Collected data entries
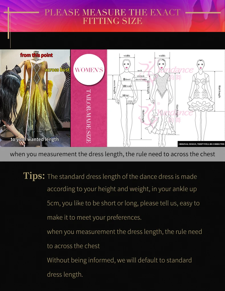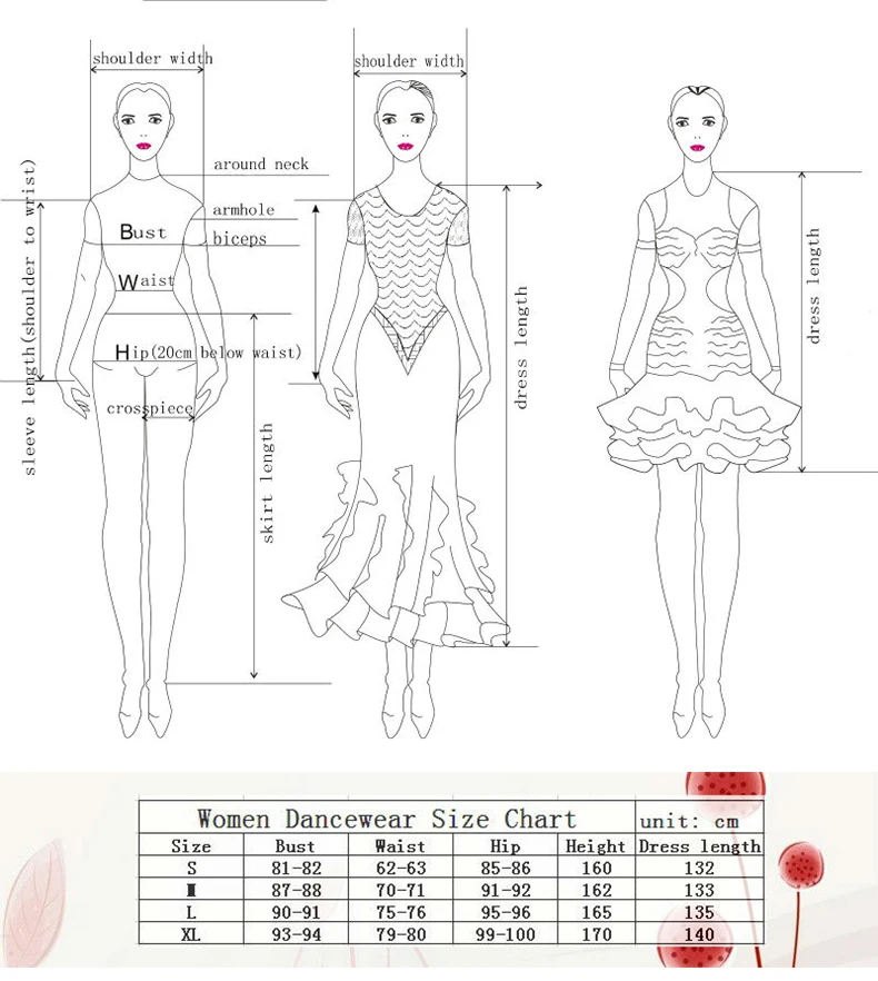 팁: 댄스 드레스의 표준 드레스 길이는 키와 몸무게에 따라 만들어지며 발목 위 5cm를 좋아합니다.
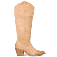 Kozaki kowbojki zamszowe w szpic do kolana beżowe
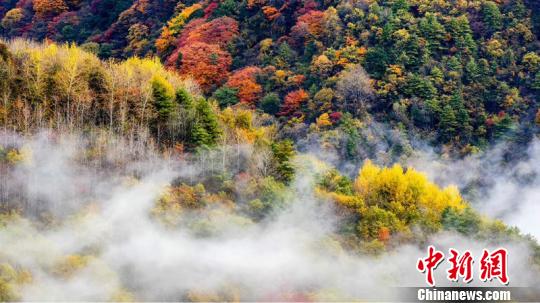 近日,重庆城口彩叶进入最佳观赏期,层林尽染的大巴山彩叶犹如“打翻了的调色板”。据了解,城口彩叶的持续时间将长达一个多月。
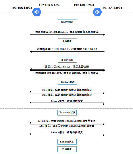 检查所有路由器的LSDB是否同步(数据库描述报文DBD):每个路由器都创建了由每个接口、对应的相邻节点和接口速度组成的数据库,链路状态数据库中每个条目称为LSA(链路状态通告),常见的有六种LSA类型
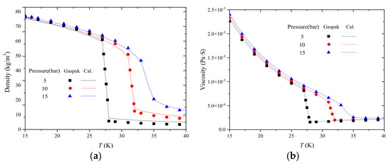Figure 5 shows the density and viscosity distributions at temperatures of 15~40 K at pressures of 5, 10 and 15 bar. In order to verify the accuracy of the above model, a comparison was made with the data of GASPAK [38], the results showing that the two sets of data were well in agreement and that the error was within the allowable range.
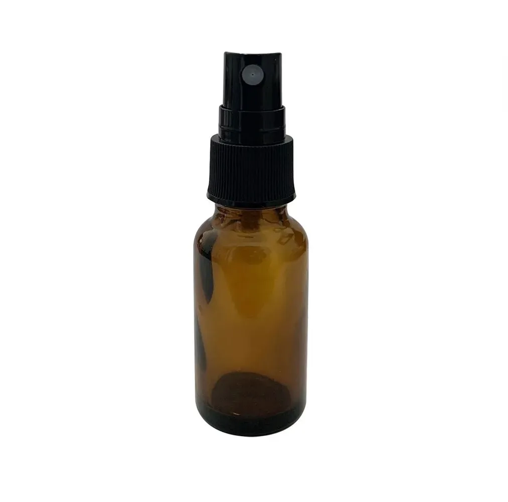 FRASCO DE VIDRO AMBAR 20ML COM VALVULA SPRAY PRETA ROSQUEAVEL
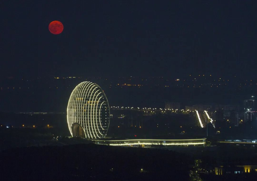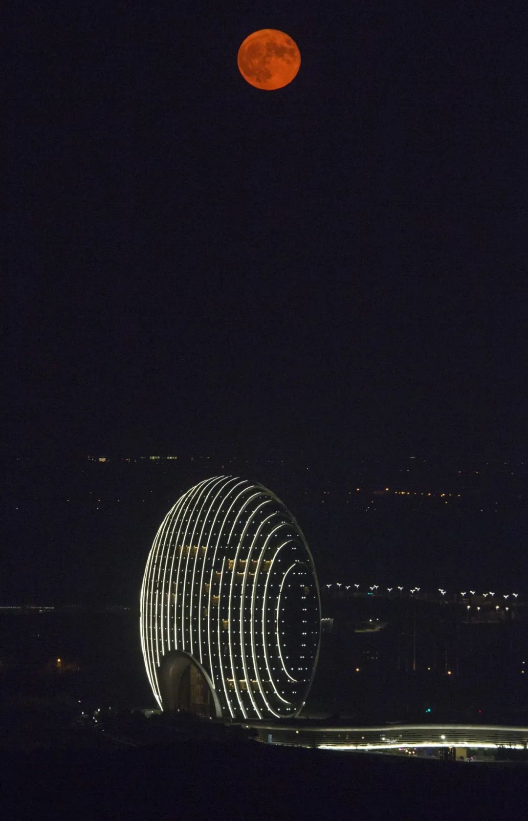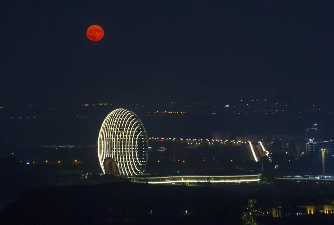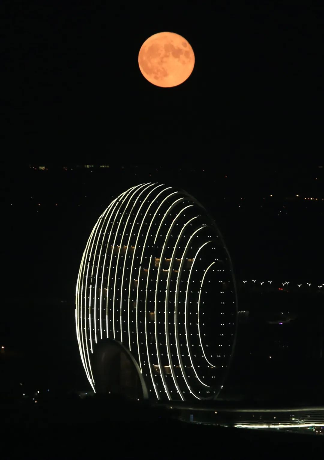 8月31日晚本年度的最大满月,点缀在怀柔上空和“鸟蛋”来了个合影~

Task description:
Look above for the line with "近日,重庆城口彩叶进入最佳观" and copy exactly from it through the line with "检查所有路由器的LSDB是否", both included. Omit the pictures.

Solution for this problem:
 近日,重庆城口彩叶进入最佳观赏期,层林尽染的大巴山彩叶犹如“打翻了的调色板”。据了解,城口彩叶的持续时间将长达一个多月。
 检查所有路由器的LSDB是否同步(数据库描述报文DBD):每个路由器都创建了由每个接口、对应的相邻节点和接口速度组成的数据库,链路状态数据库中每个条目称为LSA(链路状态通告),常见的有六种LSA类型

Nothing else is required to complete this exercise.